- [EXERCISE AIM]:
The entries below should be written out again exactly as they stand.

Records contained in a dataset
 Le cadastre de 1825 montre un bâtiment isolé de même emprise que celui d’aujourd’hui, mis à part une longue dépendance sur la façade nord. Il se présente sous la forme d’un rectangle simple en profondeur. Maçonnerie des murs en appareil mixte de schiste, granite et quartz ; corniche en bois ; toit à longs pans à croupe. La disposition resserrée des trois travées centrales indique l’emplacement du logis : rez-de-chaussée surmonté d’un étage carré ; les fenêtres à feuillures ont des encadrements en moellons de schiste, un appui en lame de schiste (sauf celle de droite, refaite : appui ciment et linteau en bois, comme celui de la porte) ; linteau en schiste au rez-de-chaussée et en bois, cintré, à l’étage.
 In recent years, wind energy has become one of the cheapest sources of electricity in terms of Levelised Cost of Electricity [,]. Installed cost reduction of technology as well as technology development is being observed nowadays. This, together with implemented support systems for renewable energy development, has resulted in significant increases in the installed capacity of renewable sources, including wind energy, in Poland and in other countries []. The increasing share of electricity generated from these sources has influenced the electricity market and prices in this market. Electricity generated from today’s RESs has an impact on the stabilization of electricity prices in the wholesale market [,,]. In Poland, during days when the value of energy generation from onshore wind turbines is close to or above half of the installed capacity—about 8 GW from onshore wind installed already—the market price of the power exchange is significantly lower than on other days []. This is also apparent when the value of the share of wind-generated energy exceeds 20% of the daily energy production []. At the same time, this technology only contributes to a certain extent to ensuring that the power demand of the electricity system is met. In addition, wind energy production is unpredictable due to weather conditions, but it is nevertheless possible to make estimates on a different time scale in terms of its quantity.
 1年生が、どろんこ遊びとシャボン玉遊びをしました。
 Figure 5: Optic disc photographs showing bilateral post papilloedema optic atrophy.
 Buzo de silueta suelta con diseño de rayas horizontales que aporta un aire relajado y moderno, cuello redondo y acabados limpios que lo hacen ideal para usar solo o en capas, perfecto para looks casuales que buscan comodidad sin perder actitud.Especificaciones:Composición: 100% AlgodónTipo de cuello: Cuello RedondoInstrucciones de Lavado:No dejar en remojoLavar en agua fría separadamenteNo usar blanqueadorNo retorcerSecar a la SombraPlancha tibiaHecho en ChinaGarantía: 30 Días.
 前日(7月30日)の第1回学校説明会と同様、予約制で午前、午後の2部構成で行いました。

- [RESULT OF THIS TASK]:
 Le cadastre de 1825 montre un bâtiment isolé de même emprise que celui d’aujourd’hui, mis à part une longue dépendance sur la façade nord. Il se présente sous la forme d’un rectangle simple en profondeur. Maçonnerie des murs en appareil mixte de schiste, granite et quartz ; corniche en bois ; toit à longs pans à croupe. La disposition resserrée des trois travées centrales indique l’emplacement du logis : rez-de-chaussée surmonté d’un étage carré ; les fenêtres à feuillures ont des encadrements en moellons de schiste, un appui en lame de schiste (sauf celle de droite, refaite : appui ciment et linteau en bois, comme celui de la porte) ; linteau en schiste au rez-de-chaussée et en bois, cintré, à l’étage.
 In recent years, wind energy has become one of the cheapest sources of electricity in terms of Levelised Cost of Electricity [,]. Installed cost reduction of technology as well as technology development is being observed nowadays. This, together with implemented support systems for renewable energy development, has resulted in significant increases in the installed capacity of renewable sources, including wind energy, in Poland and in other countries []. The increasing share of electricity generated from these sources has influenced the electricity market and prices in this market. Electricity generated from today’s RESs has an impact on the stabilization of electricity prices in the wholesale market [,,]. In Poland, during days when the value of energy generation from onshore wind turbines is close to or above half of the installed capacity—about 8 GW from onshore wind installed already—the market price of the power exchange is significantly lower than on other days []. This is also apparent when the value of the share of wind-generated energy exceeds 20% of the daily energy production []. At the same time, this technology only contributes to a certain extent to ensuring that the power demand of the electricity system is met. In addition, wind energy production is unpredictable due to weather conditions, but it is nevertheless possible to make estimates on a different time scale in terms of its quantity.
 1年生が、どろんこ遊びとシャボン玉遊びをしました。
 Figure 5: Optic disc photographs showing bilateral post papilloedema optic atrophy.
 Buzo de silueta suelta con diseño de rayas horizontales que aporta un aire relajado y moderno, cuello redondo y acabados limpios que lo hacen ideal para usar solo o en capas, perfecto para looks casuales que buscan comodidad sin perder actitud.Especificaciones:Composición: 100% AlgodónTipo de cuello: Cuello RedondoInstrucciones de Lavado:No dejar en remojoLavar en agua fría separadamenteNo usar blanqueadorNo retorcerSecar a la SombraPlancha tibiaHecho en ChinaGarantía: 30 Días.
 前日(7月30日)の第1回学校説明会と同様、予約制で午前、午後の2部構成で行いました。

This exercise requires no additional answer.